On the other hand, we are putting an addition on the house with a basement. New part is about 8" deeper than the old. We were about 2" above the water table last June when digging footers. Will be interesting to see how much water we pump next spring.
 
I think the shortage of pure water will become one of our greatest problem in the future, resulting from population growth and pollution of the waterways. I have always thought desalting seawater would be the solution but a new technology will be required to do it in adequate volume at an acceptable cost.
But, as a nation we spend billions on space program research and social engineering, and ignore our most basic problem until it becomes a crisis.
 
When I had my well drilled the guy hit water at 15 feet. He then pumped my small lake back wards since he hit the spring that feeds it. He kept going and hit 2 caves and at 75 feet hit good water. I had him keep going to 100 foot. Water came up to 19 foot from the surface and pretty much stay there ever since
 
Old,

I have the visual of some spelunker clunking his head on your well casing.

Good to hear from you.
 
Well since I was once a spelunker no way they could with out scuba gear on both caves where full of water. By the way have you ever been in Bridle cave which is here at the Lake of the Ozarks?? If not you should go see it. I was with the ones who found the extra passage ways and carrying scuba tanks back and up and over was not a fun day. There is also another cave I have been in but it is a wild cave. Spent a whole week end under ground in it. Went in on a Friday and came out on Sunday. When we went in it was a cool winter day and no snow but when we came out there was 4 inches of snow on the ground
 
Last place we lived the field next door a farmer would spread his liquid manure. A few days after spreading the nitrates in water would spike. Only thing water people would do is tell water supply folks to drill a new DEEP well and put in lots of chemicals to clean up water before it was used.

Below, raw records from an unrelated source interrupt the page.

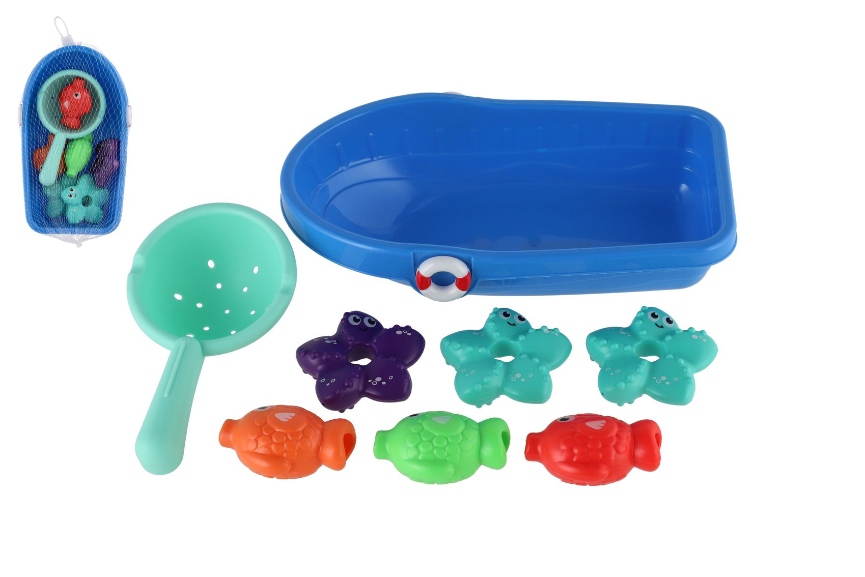 Popis Sada do vany plast lodička, sítko s mořskými zvířátky v síťce 14x24cm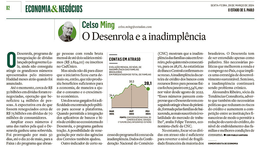 Outro indicador de certo sucesso do programa foi o recuo da inadimplência. Dados da Confederação Nacional do Comércio (CNC) mostram que a inadimplência das famílias caiu em fevereiro, pelo quinto mês consecutivo, para os 28,1%. As estatísticas do Banco Central confirmam esse recuo. A inadimplência da carteira de crédito dos bancos com recursos livres para pessoas físicas fechou janeiro em 5,54%, menor valor desde agosto de 2022.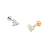 This titanium labret features 3 CZ stones arranged to form a heart shape. The top two stones are round and the bottom is square. It is internally threaded and available in a choice of gold or silver finishes. This cute piece will look great in a range of ear piercings. It measures just 5 mm at its widest point. The flat back ensures comfortable wear.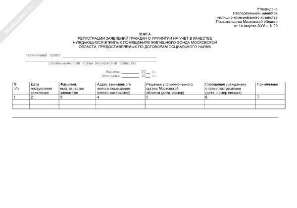 Книга регистрации заявлений граждан о принятии на учет в качестве нуждающихся в жилых помещениях жилищного фонда Московской области, предоставляемых по договорам социального найма (рекомендуемый образец заполнения)

It seems they couldn't figure out the manure was contaminating the water supply.
 
Or area they are doing better testing and they are finding arsenic put my dad drank it all his life and lived to be 100 I'm not trusting on the test
 
(quoted from post at 05:08:17 10/20/14) I was really surprised in the post about the shallow well how bad the water is in many places, in my area springs have great water I have several on the farm and pure clean water can be hit around 300ft drilling a well.Is water bad in most places?

depends on who is saying it's bad....
most of us here are old, so hand dug, stacked stone shallow wells, in later years drilled down the middle are normal things.

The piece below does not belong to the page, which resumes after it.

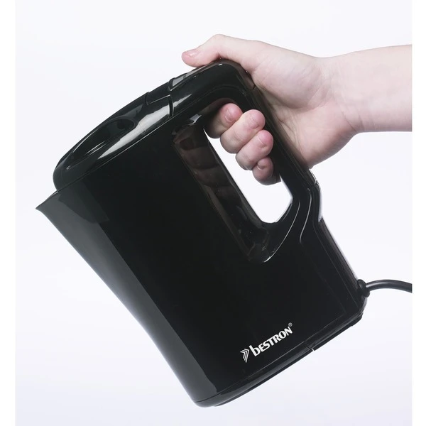 Der Wasserkocher AWK810 von Bestron überzeugt durch seine kompakte Bauweise und eignet sich so auch für Camping. Er fasst bis zu 0,9 Liter Wasser und bringt es mit einer Leistung von 500 Watt zum Kochen. Die Bedienung ist durch den Soft-Touch Ein-/Ausschalter mit Kontrollleuchte einfach. Dank integrierter Kochstoppautomatik, Trockengehschutz und Sicherheitsverschluss im Deckel ist der Wasserkocher AWK810 auch in Bezug auf Sicherheit eine gute Wahl. Art.-Nr.: 1435883

(Hey Dad, the water stinks. Dad, critter must have got in the well and drowned, go get it out...)
Buying or selling a house would State mandate a filter and chlorinator....which would be promptly dis-connected.....
Springs are/were always good, but I have noticed lately they are all labeled 'not for human consumption' now.(pretty funny...I know that pollution here used to be much worse back when it was ok and common to fill jugs at the springs)

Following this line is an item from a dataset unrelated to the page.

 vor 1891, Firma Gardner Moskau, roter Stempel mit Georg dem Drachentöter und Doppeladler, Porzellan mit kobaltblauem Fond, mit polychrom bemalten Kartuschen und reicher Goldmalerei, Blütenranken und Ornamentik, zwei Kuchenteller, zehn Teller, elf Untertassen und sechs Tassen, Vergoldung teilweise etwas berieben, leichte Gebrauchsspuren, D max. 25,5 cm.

Nope, I don't live in pristine wilderness.
Actually, I think we used to have the highest density of chemical plants in the world in this area.
Who cares, we drank it, we lived. I never get sick, bugs won't come near me, I'd probably catch fire if a match got too close :D
 
In my neighborhood here in northwest Iowa good water in large enough quantities to support livestock is at 300 feet and it's pretty good quality water to boot. The well on my farm is 150, is moderately hard and has never run dry but I wouldn't trust it to support much livestock. A mile and a half north of me they have a gravel vein that has all the water they want at 150 feet and its artesian. They have to cap the wells or water will run out the top.
 
Can hardly believe that 400'. Normal well around here is 75 to 150' with the deep ones to 250'.Mine is 106 ' and older than I am at 71. Years ago at great grandparantes place approximatly 15 mile away use a sand point on pipe and sledge hammer, if it quit pull pipe and drive someplace else. Across the road now is played out gravel pit.